▶ [Work order] Write the data out in full and word for word. Do not include images.

▶ [Information provided]
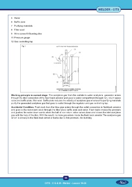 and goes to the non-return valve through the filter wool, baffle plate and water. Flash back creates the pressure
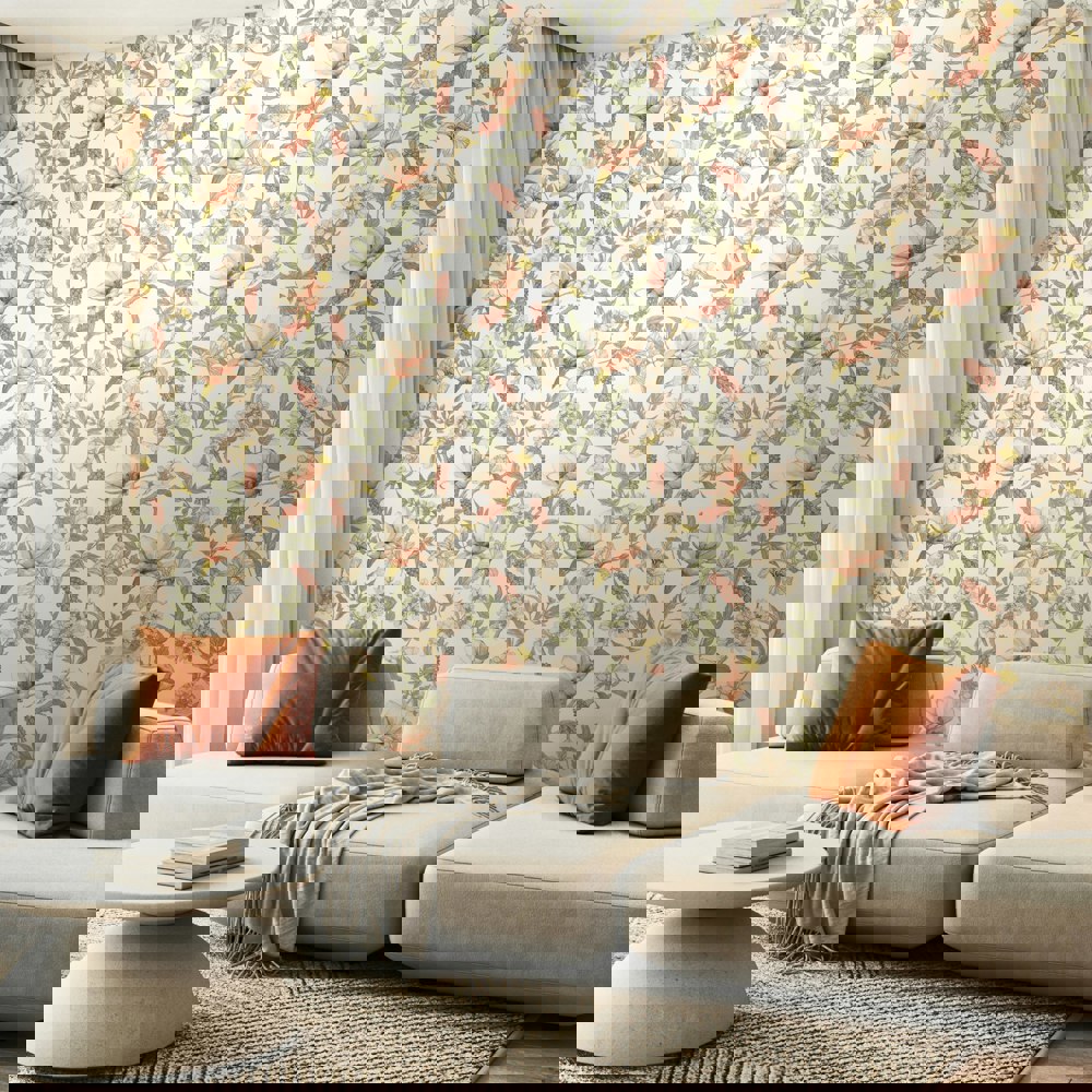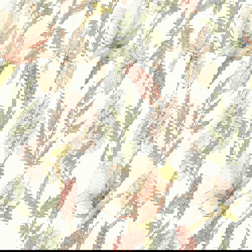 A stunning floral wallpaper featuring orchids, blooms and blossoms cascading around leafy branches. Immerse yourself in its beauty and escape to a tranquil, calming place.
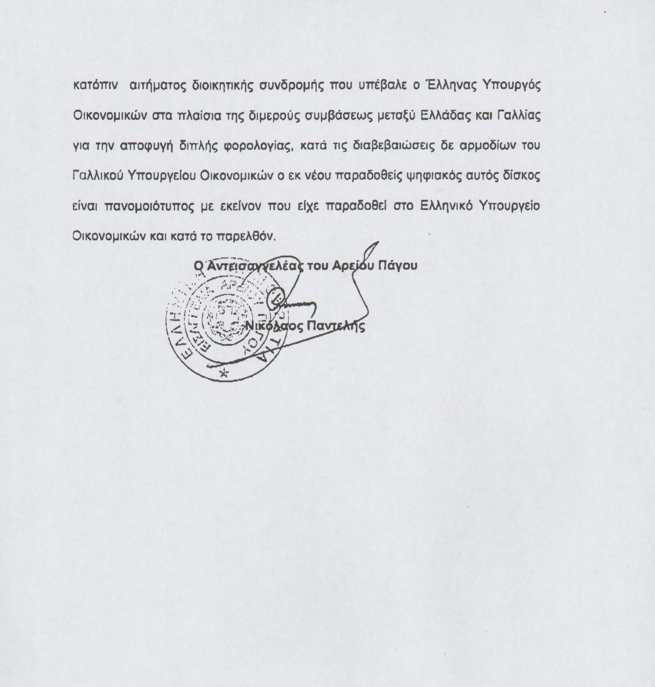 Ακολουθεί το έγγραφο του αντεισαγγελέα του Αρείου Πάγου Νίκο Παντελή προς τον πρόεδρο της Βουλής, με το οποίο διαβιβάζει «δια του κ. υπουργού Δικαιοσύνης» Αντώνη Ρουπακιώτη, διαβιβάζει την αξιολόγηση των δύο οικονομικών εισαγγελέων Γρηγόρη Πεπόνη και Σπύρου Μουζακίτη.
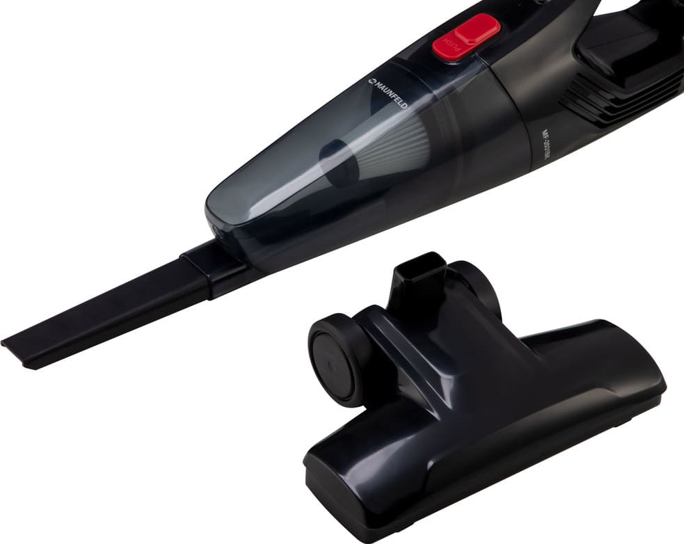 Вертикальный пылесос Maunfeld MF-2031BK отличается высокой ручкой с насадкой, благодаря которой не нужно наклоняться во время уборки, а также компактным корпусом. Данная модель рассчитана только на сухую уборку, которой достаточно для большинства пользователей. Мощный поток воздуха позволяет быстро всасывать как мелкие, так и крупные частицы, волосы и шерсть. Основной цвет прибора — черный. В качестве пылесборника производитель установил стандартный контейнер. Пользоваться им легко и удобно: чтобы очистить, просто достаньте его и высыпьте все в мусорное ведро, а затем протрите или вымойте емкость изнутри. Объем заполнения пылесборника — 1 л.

▶ [Output of the exercise]
 and goes to the non-return valve through the filter wool, baffle plate and water. Flash back creates the pressure
 A stunning floral wallpaper featuring orchids, blooms and blossoms cascading around leafy branches. Immerse yourself in its beauty and escape to a tranquil, calming place.
 Ακολουθεί το έγγραφο του αντεισαγγελέα του Αρείου Πάγου Νίκο Παντελή προς τον πρόεδρο της Βουλής, με το οποίο διαβιβάζει «δια του κ. υπουργού Δικαιοσύνης» Αντώνη Ρουπακιώτη, διαβιβάζει την αξιολόγηση των δύο οικονομικών εισαγγελέων Γρηγόρη Πεπόνη και Σπύρου Μουζακίτη.
 Вертикальный пылесос Maunfeld MF-2031BK отличается высокой ручкой с насадкой, благодаря которой не нужно наклоняться во время уборки, а также компактным корпусом. Данная модель рассчитана только на сухую уборку, которой достаточно для большинства пользователей. Мощный поток воздуха позволяет быстро всасывать как мелкие, так и крупные частицы, волосы и шерсть. Основной цвет прибора — черный. В качестве пылесборника производитель установил стандартный контейнер. Пользоваться им легко и удобно: чтобы очистить, просто достаньте его и высыпьте все в мусорное ведро, а затем протрите или вымойте емкость изнутри. Объем заполнения пылесборника — 1 л.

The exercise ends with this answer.